Why I cant get sessions in other pages after deployment to ionos web hosting?

[rwahdan1978]

Hi

I am trying to access a session variable from one page to another but it is not working and yes, the IONOS is allowing sessions.

here is the code:

login.php:

$sql2 = "SELECT * FROM login_users WHERE username_email = '$myusername' and password = 	'$mypassword' and IsAdmin = 1";
         $result2 = mysqli_query($db, $sql2);
         $count2 = mysqli_num_rows($result2);
         if($count2 == 1) {
            $_SESSION['admin'] = $myusername;
            header('Location: https://www.ramiwahdan.org/main.php', True);
         } else  {
         $error = "Your login Name or Password is invalid";
         $myusername="";
         $mypassword="";
         }

and main.php:

<?php 
      session_start();
      $myusername = $_SESSION['admin'];
      print($myusername);
?>

why is that? I am not getting any errors.

[mac_gyver]

53 minutes ago, rwahdan1978 said:

I am not getting any errors

do you have php's error_reporting set to E_ALL and display_errors set to ON, preferably in the php.ini on your system, and you have confirmed using a phpinfo(); statement in your code that these are the values php is using?

you can temporarily put these settings into your code, on both pages, immediately after the first opening <?php tag.

next, if php's output_buffering is on, and you have a redirect in your code, it will discard any non-fatal errors or debugging output you have added. temporarily comment out the header() redirect so that you can see if there are any php errors up to that point.
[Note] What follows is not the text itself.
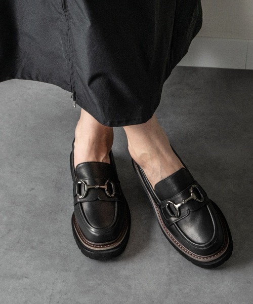 【INTER-CHAUSSURES/ インターショシュール】 デザイン性と履きやすさを兼ね備えたラインナップに、エッジを利かせたファッショナブルなセレクトで人気のINTER-CHAUSSURES(インター ショシュール)。 グローバルな視点とコンセプチュアルな個性が光るシューズセレクトブランドです。 厚底ビットローファーは、アッパーには撥水加工を施し、急な悪天候にも対応可能です。 軽量でクッション性に優れたEVA素材と耐摩耗、グリップ力に優れたラバー素材を組み合わせた防滑モールドソールを採用しています。 ソール中央のラバー部分には低温の環境下で硬化しスパイク的な効果を発揮する特殊ラバー(緑色部分)を配合し、氷上でのグリップ力を高めています。 ※撥水加工は永久的なものではありません。縫い目等、製法上の隙間があり完全防水ではない為、こまめに防水スプレーをかけることをお勧めします。 <素材詳細> 【ブラック】甲;羊革 .ソール;合成樹脂/合成ゴム 【ブラック系その他,ブラック系その他2】甲;牛革 .ソール;合成樹脂/合成ゴム [INTER-CHAUSSURES/サイズ目安] 35 約22.5~23.0cm 36 約23.0~23.5cm 37 約23.5~24.0cm 38 約24.0~24.5cm 39 約24.5~25.0cm ※靴裏に保護シールが貼ってある場合がございます。ご着用の際は剥がしてご使用ください。また検品の際に保護シールを一部剥がす場合がございます。予めご了承ください。 ※生産過程に生じるキズが多少ある場合がございます。また若干の色ムラ、擦れが見られる場合がございますが、こちらは素材の特性となります。 ※輸送中に多少箱が破損する場合がございます。 ※サイズ換算(表記)はあくまで目安となります。

do you have a session_start() statement in the login.php code?

and as is sometimes given, here's a list of programming practices for the posted code -

1. don't use variables ending in numbers. you should completely deal with the result from one block of code before performing another operation, and there's no need to use or to keep track of numbered variables.
2. you should list out the columns you are SELECTing in a query.
3. you need to use prepared queries, instead of putting dynamic values directly into sql query statements. if it seems like using the mysqli extension is overly complicated and inconsistent when dealing with prepared queries, it is. this would be a good time to switch to the much simpler and better designed PDO extension.
4. you need to use php's password_hash() and password_verify() for password handling, i.e. don't store passwords as plain text.
5. the value you store in a session variable upon successful login should be the user's id (autoincrement primary index), and it should be named user_id or similar. you should query on each page request to get any other user data, such as the username or permissions. this is so that any changes made to this other user data take effect on the very next page request after is has been changed, without requiring the user to log out and back in again.
6. the header() redirect needs an exit/die statement to stop php code execution. you could, for example, have some code following the posted code, that's clearing the session variable.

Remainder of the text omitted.